It is rare when I truly love something I write or an idea that I have. I tend to be hypercritical and continually play devil’s advocate with myself. And though that is likely a good thing for science, it often means I get less joy from the grueling process I put myself through. This new article, however, is the exception.
Dr. Alexandra Niclou and I recently published a commentary in Evolution, Medicine, and Public Health. In this article, we not only tear down the current concept and broad use of body mass index (BMI), but also present how the suite of features we typically see among cold climate populations may confer a metabolically healthy obese phenotype (or the fit and fat phenotype). The idea of a fit and fat phenotype has been around for a short while – it suggests that individuals can have a high BMI/high body adiposity but not suffer any of the cardiometabolic consequences often association with a high BMI/high body adiposity.

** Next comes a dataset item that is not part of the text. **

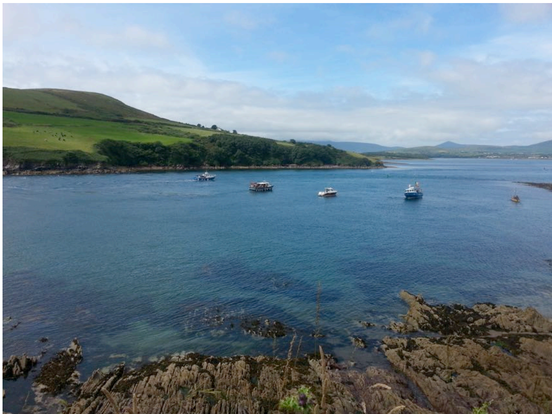
Dolphin boats in the entrance to Dingle

I have been percolating this idea for a fair amount of time since working through the data on reindeer herders, who despite having high BMI/body adiposity, have relatively healthy indicators of cardiometabolic health. There is a growing body of evidence, though not without controversy, that a metabolically healthy obese phenotype is a reality, rare, but a reality. I began to wonder how some of the interesting physiological and morphological variation we ascribe to cold climate populations may predispose these folks to a metabolically healthy obese phenotype.
In this paper, Alex and I work through the evidence and present a fit, fat, and cold hypothesis that still needs a great deal of testing. Theoretical though it may be, I think this is an intriguing possibility and one that could impact how individuals with high adiposity (and low adiposity) are treated by medical doctors.